Герцог мрачно замер. Что же, теперь маги вписывают научные статьи в прайс-лист?!
Но всё равно — раз может спасти их воинов без помощи священников, значит стоит держать торговлю открытой. Церковь пусть хоть лопнет.
…
Кому-то голод был страшен, а кому-то и дела не было.
В столице Бролина в это время шло торжество: шесть белых коней медленно везли свадебную карету к дворцу.
Слева и справа — блестящие рыцари Пойи, в лазурных мундирах и кораблеобразных шапках, охраняли принцессу. Спереди и сзади — бролинские рыцари в алых мундирах с белыми страусовыми перьями, разбрасывали лепестки и конфеты в толпу. Священники Сияющей Церкви покрывали карету искрами света.
Толпы горожан, богатых и бедных, заполнили улицы. Одни старались разглядеть лицо новой королевы за занавеской. Другие бережно подбирали конфеты, чтобы принести детям.
Иные…
— Уааа! — на обочине разревелась девочка лет четырёх, с золотыми кудрями. Мать схватила её на руки, встревоженно прижала:
— Ева, что с тобой?
Маленькое личико сморщилось. Девочка выплюнула лепесток и всхлипнула:
— Цветы горькие… мамочка, я хочу есть…
Мать уткнулась лицом в её плечо, закрывая глаза рваной детской рубашкой, чтобы не видели слёз.
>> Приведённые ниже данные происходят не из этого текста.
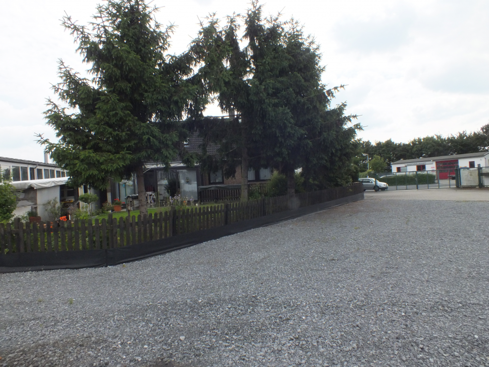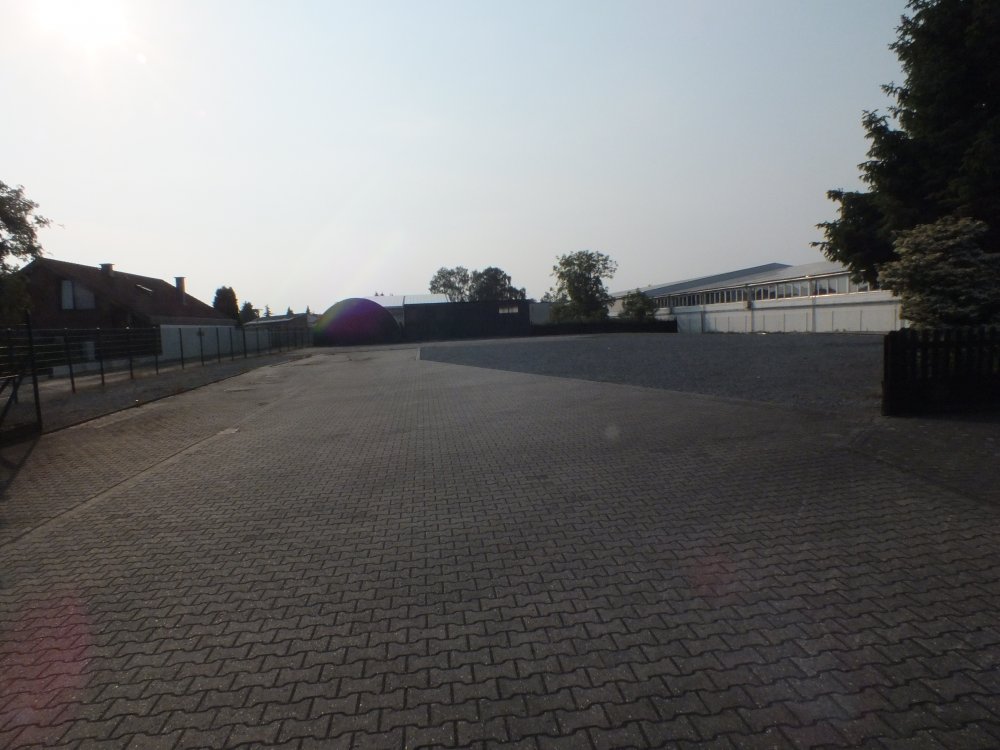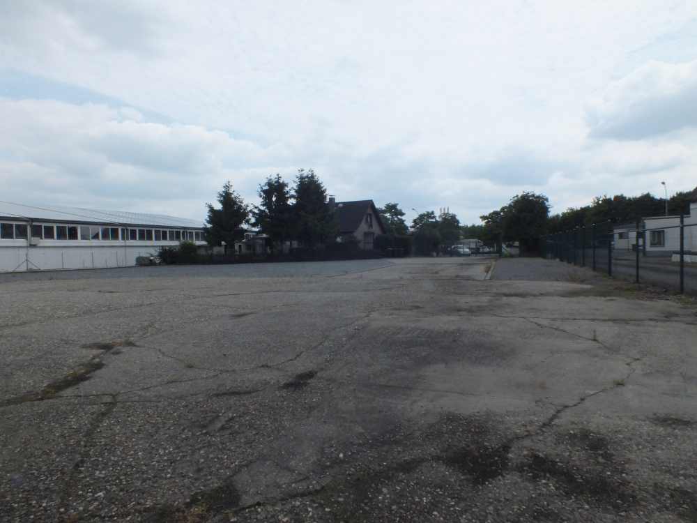 Das Betriebsgelände wurde bis dato für Lagerzwecke genutzt. Vormals war hier eine Spedition tätig, die Wohnen und Arbeiten praktischerweise auf dem Grundstück kombiniert hatte. Von der Strasse aus ist das Betriebsgelände nicht direkt einsehbar.

— Мамочка знает, мамочка знает… пойдём домой, я что-нибудь приготовлю…
Она не понимала, зачем с их нищей семьи содрали по два медяка «свадебного налога». Не понимала, почему священники озаряют светом карету, а не лечат больных. Не понимала, почему обещали сладости, а им достались лишь горькие лепестки…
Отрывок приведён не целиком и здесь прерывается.